Data entries:
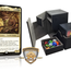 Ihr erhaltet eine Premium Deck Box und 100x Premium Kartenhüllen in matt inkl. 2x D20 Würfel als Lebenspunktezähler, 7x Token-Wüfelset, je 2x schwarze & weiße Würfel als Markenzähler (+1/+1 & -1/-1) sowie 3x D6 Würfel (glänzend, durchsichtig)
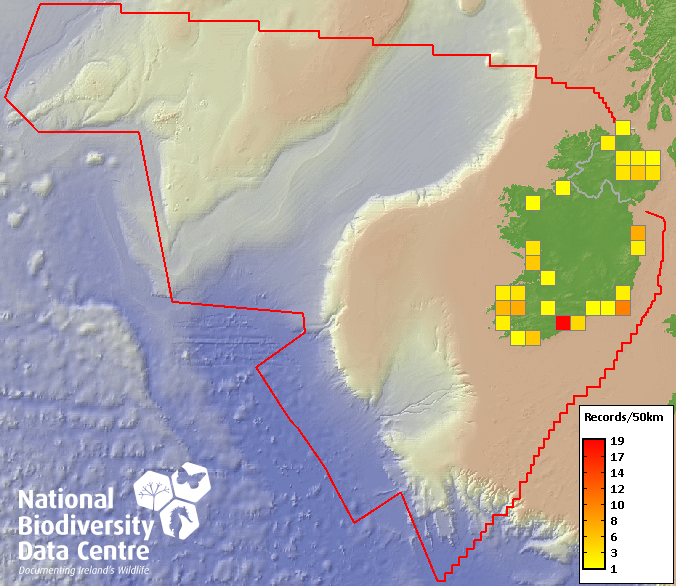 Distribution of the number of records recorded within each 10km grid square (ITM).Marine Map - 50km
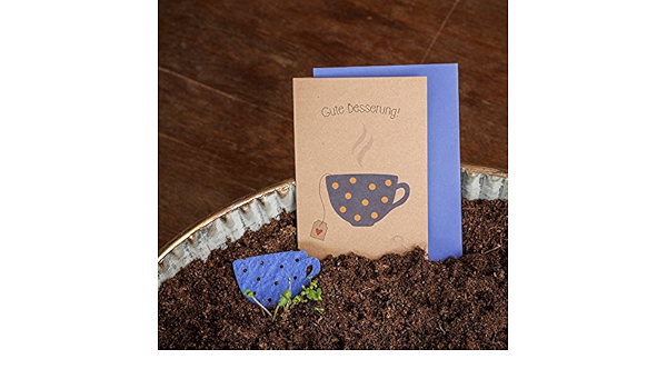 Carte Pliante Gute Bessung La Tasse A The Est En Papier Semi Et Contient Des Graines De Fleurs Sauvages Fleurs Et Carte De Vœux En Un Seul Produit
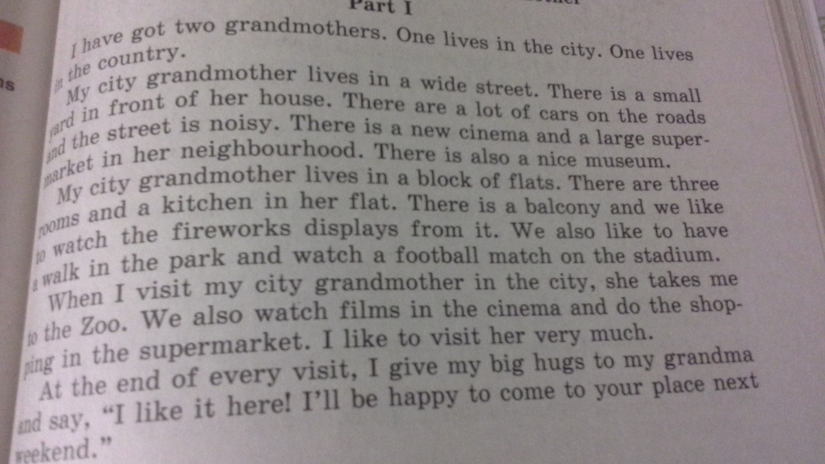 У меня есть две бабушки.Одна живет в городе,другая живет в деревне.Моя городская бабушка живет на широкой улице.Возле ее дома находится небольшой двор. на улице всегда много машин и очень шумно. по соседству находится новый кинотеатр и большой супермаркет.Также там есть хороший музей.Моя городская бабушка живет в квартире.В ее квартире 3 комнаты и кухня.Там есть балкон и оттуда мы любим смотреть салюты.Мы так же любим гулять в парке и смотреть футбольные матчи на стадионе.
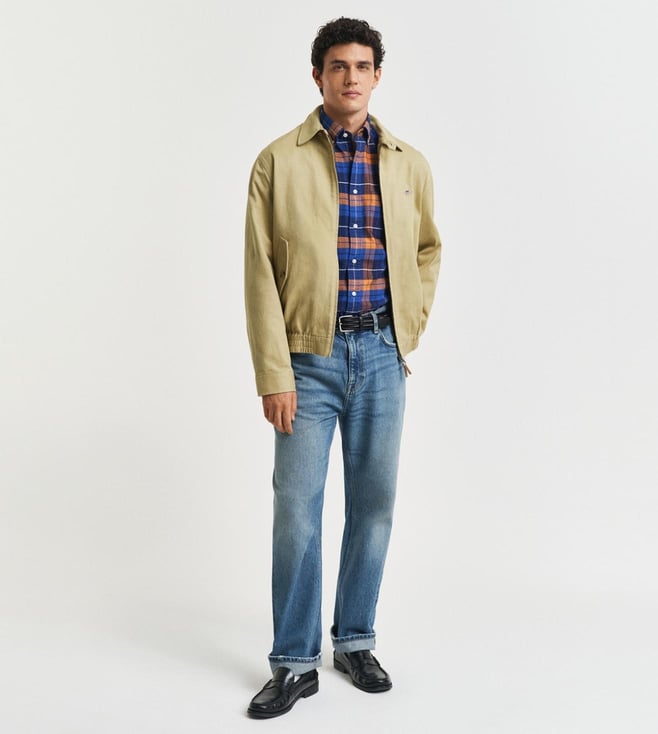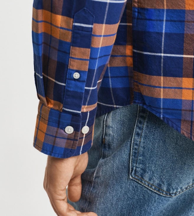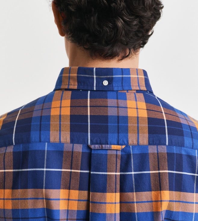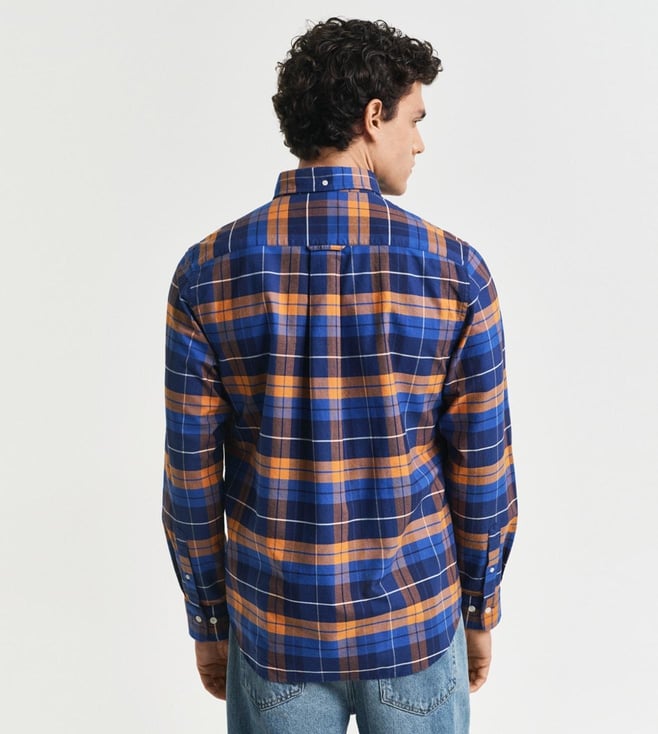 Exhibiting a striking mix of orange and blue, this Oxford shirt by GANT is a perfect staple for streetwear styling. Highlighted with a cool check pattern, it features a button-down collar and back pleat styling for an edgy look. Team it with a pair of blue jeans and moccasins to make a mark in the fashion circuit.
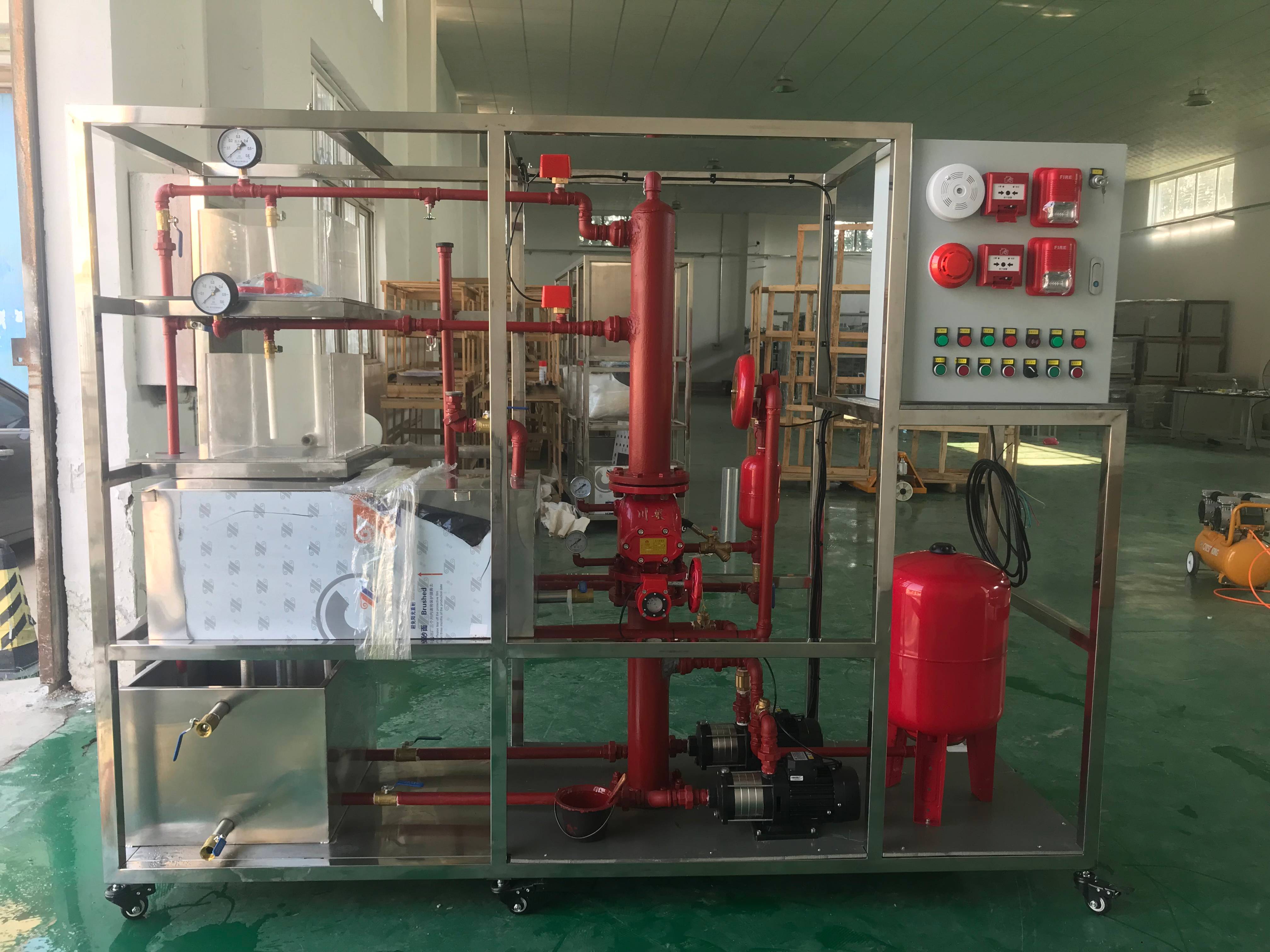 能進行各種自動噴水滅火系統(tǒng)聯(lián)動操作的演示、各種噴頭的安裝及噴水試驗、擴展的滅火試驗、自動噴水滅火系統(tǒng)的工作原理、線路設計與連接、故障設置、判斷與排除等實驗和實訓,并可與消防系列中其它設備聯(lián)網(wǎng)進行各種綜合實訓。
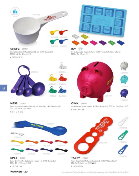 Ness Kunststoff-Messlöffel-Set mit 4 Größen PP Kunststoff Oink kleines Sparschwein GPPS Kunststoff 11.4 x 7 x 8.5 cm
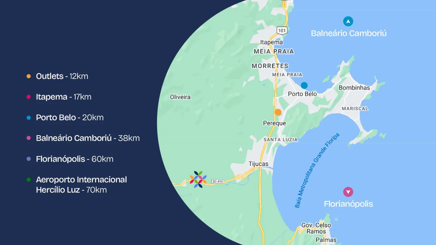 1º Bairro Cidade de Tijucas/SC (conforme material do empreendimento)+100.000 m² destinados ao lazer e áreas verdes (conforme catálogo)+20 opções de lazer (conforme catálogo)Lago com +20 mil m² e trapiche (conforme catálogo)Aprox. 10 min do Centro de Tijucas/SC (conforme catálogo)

Work task »
Once the pictures are set aside, copy the remaining text of every entry exactly.

Solution to this exercise »
 Ihr erhaltet eine Premium Deck Box und 100x Premium Kartenhüllen in matt inkl. 2x D20 Würfel als Lebenspunktezähler, 7x Token-Wüfelset, je 2x schwarze & weiße Würfel als Markenzähler (+1/+1 & -1/-1) sowie 3x D6 Würfel (glänzend, durchsichtig)
 Distribution of the number of records recorded within each 10km grid square (ITM).Marine Map - 50km
 Carte Pliante Gute Bessung La Tasse A The Est En Papier Semi Et Contient Des Graines De Fleurs Sauvages Fleurs Et Carte De Vœux En Un Seul Produit
 У меня есть две бабушки.Одна живет в городе,другая живет в деревне.Моя городская бабушка живет на широкой улице.Возле ее дома находится небольшой двор. на улице всегда много машин и очень шумно. по соседству находится новый кинотеатр и большой супермаркет.Также там есть хороший музей.Моя городская бабушка живет в квартире.В ее квартире 3 комнаты и кухня.Там есть балкон и оттуда мы любим смотреть салюты.Мы так же любим гулять в парке и смотреть футбольные матчи на стадионе.
 Exhibiting a striking mix of orange and blue, this Oxford shirt by GANT is a perfect staple for streetwear styling. Highlighted with a cool check pattern, it features a button-down collar and back pleat styling for an edgy look. Team it with a pair of blue jeans and moccasins to make a mark in the fashion circuit.
 能進行各種自動噴水滅火系統(tǒng)聯(lián)動操作的演示、各種噴頭的安裝及噴水試驗、擴展的滅火試驗、自動噴水滅火系統(tǒng)的工作原理、線路設計與連接、故障設置、判斷與排除等實驗和實訓,并可與消防系列中其它設備聯(lián)網(wǎng)進行各種綜合實訓。
 Ness Kunststoff-Messlöffel-Set mit 4 Größen PP Kunststoff Oink kleines Sparschwein GPPS Kunststoff 11.4 x 7 x 8.5 cm
 1º Bairro Cidade de Tijucas/SC (conforme material do empreendimento)+100.000 m² destinados ao lazer e áreas verdes (conforme catálogo)+20 opções de lazer (conforme catálogo)Lago com +20 mil m² e trapiche (conforme catálogo)Aprox. 10 min do Centro de Tijucas/SC (conforme catálogo)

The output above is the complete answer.